Lazarus is enhancing its malware delivery methods by employing a complex infection chain that includes various types of malware, such as loaders and backdoors.

As specialists explain, the new multi-stage attack involved a VNC Trojan, a remote desktop viewer for Windows, and a legitimate VNC tool to deliver the malware. In the first stage, the Trojan AmazonVNC.exe decrypted and executed a loader called Ranid Downloader to extract internal resources of the VNC executable file. The second archive contained the malicious file vnclang.dll, which loaded the MISTPEN malware, which then downloaded other malicious programs, including RollMid and a new variant of LPEClient.

The new malware — the attackers utilized a previously unknown backdoor that Kaspersky GReAT experts have named CookiePlus.

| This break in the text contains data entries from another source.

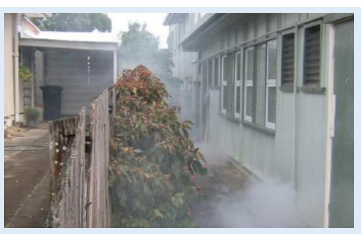
Smoke testing used to pinpoint the places where stormwater is entering the sewerage network.

When we identify an illegal or inappropriate stormwaterto-sewer connection on private property, we notify the property owner and advise where repairs are required.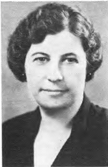
The Helen Clark School of Secretarial Training which opened in Topeka, Kansas,

in January 1932, is the first private school for girls to give training for secretarial work in that section of the country. The major portion of the students are girls with a college degree who have come to the Helen Clark School for the practical and cultural training required for interesting positions in secretarial work.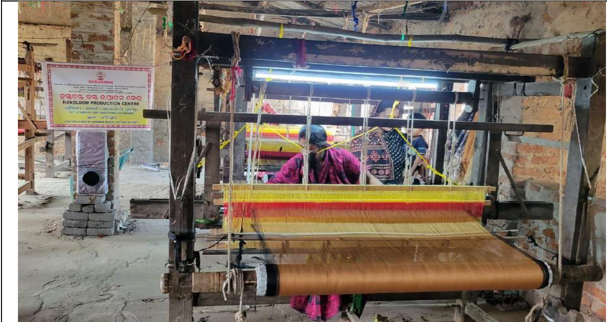
Weaving with quality and new design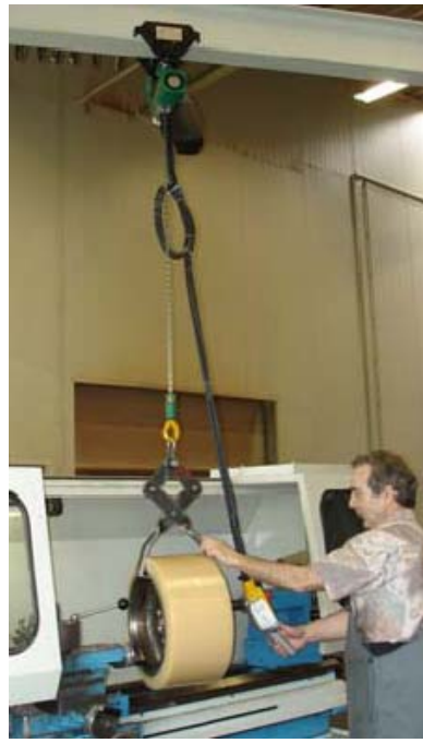
Mini Hoist Loading a Truck Wheel into a Lathe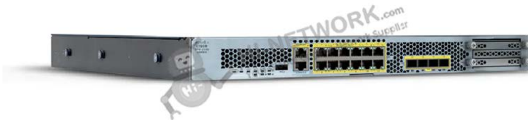
Figure 1 shows the appearance of FPR2120-ASA-K9.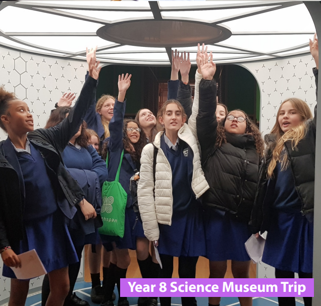
Year 8 Science Museum Trip

Our goal is to inspire our students to use their knowledge and skills to empower themselves to succeed academically and in the wider context of the world we live in through our broad and balanced curriculum. Our world class teaching and learning provision ensures that our students take pride in their achievements, engage with the learning, and succeed in their ambitions.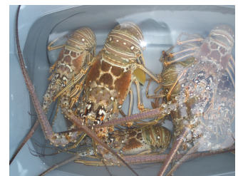
10. Healthy mature lobsters.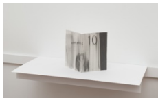
Lucas Odahara Intervalo 9:10 , 2025 graphite watercolor, paper, artist's shelf 8 x 20 1/2 x 10 1/2 inches (20.3 x 52.1 x 26.7 cm) (LO121)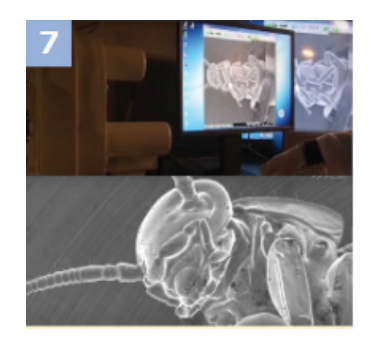
After evacuation, start observation immediately. (NanoSuit (barrier layer) is formed by electron beam irradiation.)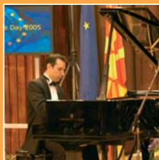
Concert on Europe Day

On the occasion of the 9th of May, a 'Europe week' was organised between the 1st and the 10th of May in order to celebrate the Schuman Declaration's Day.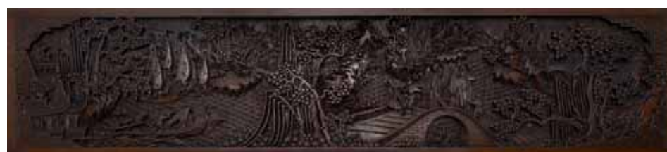
46 Part Lot

It was distributed under the guise of a legitimate plugin for the open-source text editor Notepad++. CookiePlus gathers system data, including the computer name, process ID, file paths, and forces the main module to sleep for a while. It also schedules the execution of necessary actions for the attackers by modifying the configuration file, experts note.

“This cyber-espionage campaign is quite dangerous. The ability of the malware to delay its actions allows it to evade detection at the moment of system infiltration and stay within it longer. Furthermore, the malware can manipulate system processes, making it harder to detect and potentially leading to further damage or malicious exploitation of the system,” comments Kaspersky GReAT's lead expert Vasily Berdnikov.